Supplied information:
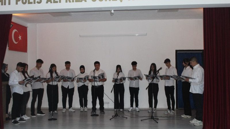 Program, saygı duruşu ve İstiklal Marşının okunmasının ardından okul müdür yardımcısı Gökhan Güneş tarafından günün anlam ve önemini belirten konuşması ile başladı. Okulun Din Kültürü Ve Ahlak Bilgisi öğretmeni Abdulkadir Sarıkuzu "Mustafa Kemal" adlı şiiri seslendirdi. Alparslan Ortaokulu öğrencilerinin hazırladığı "Bir Resim Yap Çocuğum" adlı görsel etkinliğin ardından öğrencilerin hazırladığı "Atatürk Neredesin?" oratoryosu ve "Pandomim Gösterisi" sergilendi.
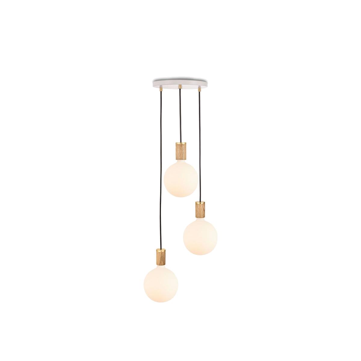 Tala Small White Canopy With 3 Oak Pendants and 3 Sphere IV Bulbs - Heal's UK Lighting
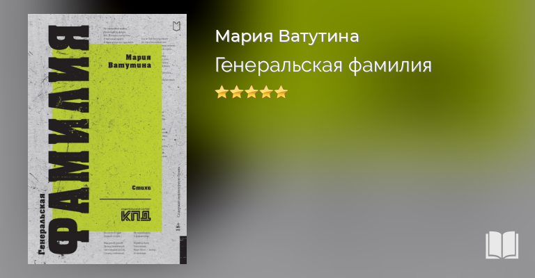 Новый сборник стихов поэтессы Марии Ватутиной включает несколько циклов: «Призыв», «Девять дней», «Голос крови», «Генеральская фамилия». С предисловием Захара Прилепина.

Your assignment:
Output a verbatim copy of the lines from the line containing "Tala Small White" through the end of the data, both included, without any images.

Output for this task:
 Tala Small White Canopy With 3 Oak Pendants and 3 Sphere IV Bulbs - Heal's UK Lighting
 Новый сборник стихов поэтессы Марии Ватутиной включает несколько циклов: «Призыв», «Девять дней», «Голос крови», «Генеральская фамилия». С предисловием Захара Прилепина.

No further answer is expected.